[Date Prev][Date Next][Thread Prev][Thread Next][Date Index][Thread Index]
Re: Registration of new charset 'unicode'
Hello Leif,
Below are some comments. Please also incorporate the proposals given in
other mail, they all look good to me.
On 2011/12/20 8:53, Leif Halvard Silli wrote:
> Charset name:
> 'unicode'
>
> Charset aliases:
> The 'unicode' spec defines 'utf-16' as its alias, but this of
> course contradicts with 'utf-16' as defined in the IANA registry.
Please reword along the foollowing linkes:
Charset aliases:
None.
Note: Documents by Microsoft mention 'utf-16' as an alias,
but this contradicts the registration of 'utf-16'.

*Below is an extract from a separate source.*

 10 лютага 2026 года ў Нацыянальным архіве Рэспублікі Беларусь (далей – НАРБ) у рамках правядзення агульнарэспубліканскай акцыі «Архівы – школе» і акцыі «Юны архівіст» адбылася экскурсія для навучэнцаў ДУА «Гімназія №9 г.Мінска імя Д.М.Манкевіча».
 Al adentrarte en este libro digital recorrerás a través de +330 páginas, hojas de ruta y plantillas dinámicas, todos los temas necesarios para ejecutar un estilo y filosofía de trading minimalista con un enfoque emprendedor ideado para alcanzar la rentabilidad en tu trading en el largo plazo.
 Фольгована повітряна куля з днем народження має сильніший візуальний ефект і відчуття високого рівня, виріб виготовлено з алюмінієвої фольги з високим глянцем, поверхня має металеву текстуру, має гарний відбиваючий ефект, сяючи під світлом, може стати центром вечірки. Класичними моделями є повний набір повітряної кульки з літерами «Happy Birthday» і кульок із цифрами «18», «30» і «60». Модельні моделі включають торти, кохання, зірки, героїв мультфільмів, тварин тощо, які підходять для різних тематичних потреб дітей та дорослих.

(Main points: Put the actual information first, the explanations later,
and separate them clearly. Don't use the word 'spec' for the Microsoft
side. Don't use "of course" and similar argumentative wording.)
> Suitability for use in MIME text:
> The 'unicode' charset has same MIME text media issue as utf-16.

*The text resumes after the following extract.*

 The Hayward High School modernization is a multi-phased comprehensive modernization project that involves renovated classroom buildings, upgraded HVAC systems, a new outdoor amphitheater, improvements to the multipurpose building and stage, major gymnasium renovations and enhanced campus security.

> [1] http://tools.ietf.org/rfc/rfc2781.txt
Again, put the actual information first. The reader should not have to
check another document just to get this information.
> Published specification(s):
> Microsoft's 'Character Set Recognition' document, [1]
> together with the 'Code Page Identifiers' document.[2]
> [2] http://msdn.microsoft.com/en-us/library/aa752010(v=VS.85).aspx
> [3] http://msdn.microsoft.com/en-us/library/dd317756(v=VS.85).aspx
There seems to be some mixup with the numbers in {}. Just don't use
them, give URIs in the text itself.
> ISO 10646 equivalency table:
> The 'unicode' charset represents codepage 1200, whose definition
> is: [3] 'Unicode UTF-16, little endian byte order (BMP of ISO
> 10646);'
I'd just say "see published specification".
> Additional information:
> * Byte order mark (BOM): The 'unicode' charset specifications do
> not explain whether the BOM is required or recommended. However,
> without it, products may fail to determine the encoding. And also: The
> BOM allows products that do not support 'unicode' to perceive the
> encoding as 'utf-16'. Hence it is not very surprising that products
> that label documents with the 'unicode' label tend to include the BOM.
> Hence, BOM in 'unicode'-encoded documents should be seen as strongly
> recommended.
Please remove argumentation such as "it is not very surprising" or "and
also".
Also, I'd separate advice for generation and for reception. E.g. say:
- When sending content, instead of using 'unicode', use 'utf-16' and
make sure that you have a BOM.
and so on. This also applies to the text below.
> ISSUES to consider before adding support for the 'unicode'
> charset in a product:
> (1) Document-internal charset declarations: If the label says
> 'unicode' but the resource (including the BOM) is big-endian, products
> (including those that support 'unicode') tend to rely on the BOM and
> ignore the charset label. But note that error handling (e.g.
> mislabelling, including unknown labels, is a fatal error per XML 1.0
> 5th edition) and encoding detection (e.g. as described in Appendix F of
> XML 1.0 5th edition), could also make the charset label technically
> irrelevant. Finally, internal declarations of 16-bit encodings tend to
> be without encoding determinative effect in 16-bit encoded documents -
> in fact, as labels, the different utf-16 labels tend to be more
> effective inside 8-bit encoded documents, where they tend to be treated
> like UTF-8 declarations
> (2) Document-external encoding declarations:
> (a) Products that implement Microsoft's 'unicode' specifications
> (in particular Web browsers Internet Explorer and Webkit) in addition
> tend to ignore charset info from HTTP for documents that include the
> BOM. Whereas current web standards (HTTP, XML 1.0, HTML 4 and HTML 5)
> tend to see the charset set by the higher protocol as authoritative.
> Thus, adding support for 'unicode' will not increase the product
> convergence for those cases when the problem is disagreement about the
> order of priority with regard to BOM and HTTP.
> (b) Little-endian default: If the BOM is lacking while the
> 'unicode' label is present (and detected), then products that support
> the 'unicode' charset will default to little-endian. (Whereas RFC2781
> requires them to default to big-endian.)
> (c) The 'utf-16' label: Because the 'unicode' specs define
> 'utf-16' as an alias for 'unicode', a lacking BOM when the 'utf-16'
> label is present (and detected), will cause a little-endian default as
> well. This goes against the utf-16 specification [RFC2781], which for
> 'utf-16' asks for a default to big-endian. (Whereas RFC2781 requires
> them to default to big-endian.)
>
> Intended usage:
> LIMITED USE. 'Unicode' is used by several Microsoft products
> (.NET, Internet Explorer and more) and products that want to be
> compatible, such as Webkit.
Separate "LIMITED USE" and the remaining text by a line.
Regards, Martin.
> Person& email address to contact for further information:
> Leif Halvard Silli, xn--mlform-iua&xn--mlform-iua.no
>